Hi @Paul
Welcome to Microsoft Q&A platform and thanks for posting your question here.
Yes, it is possible to access external data sources when Synapse data exfiltration is enabled by using DNS. you can use private endpoints, data exfiltration protection through outbound firewall rules, and DNS to access external data sources.
In your case, you have already achieved some success using Azure App Gateways with private link connections and making reference to the private IP that is provisioned within Synapse. However, it can become quite cumbersome to manage all of the mapping of IP:port -> external hostnames.
Regarding your question about influencing the DNS published along with the private link connections on the managed virtual network in Synapse, you can use Azure Private DNS zones to manage custom domain names and map them to private IP addresses. You can create a private DNS zone in your virtual network and add a record set for the external hostname you want to use. Then, you can create a private endpoint for the external service and associate it with the private DNS zone.
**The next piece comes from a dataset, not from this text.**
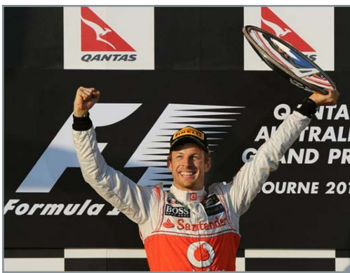
Pilotul britanic Jenson Button (McLaren-Mercedes) s-a impus, ieri, în Marele Premiu al Australiei, prima etapă a

sia, mâine, pe terenul lui Greuther Furth (primul loc în liga secundă), iar Bayern, miercuri, de asemenea în deplasare, contra revelației Monchengladbach.

This way, when you access the external service using the custom domain name, the private endpoint resolves the DNS query to the private IP address of the external service.
If you want to control the DNS that is published with the private link connections on the managed virtual network in Synapse, you can create a custom DNS for dedicated SQL pools. This custom DNS can be used to redirect client programs during a disaster.
Reference:
https://techcommunity.microsoft.com/t5/azure-synapse-analytics-blog/create-dns-alias-for-dedicated-sql-pool-in-synapse-workspace-for/ba-p/3675676
https://learn.microsoft.com/en-us/azure/private-link/private-endpoint-dns
I hope this information helps. Let me know if you have any further questions or concerns.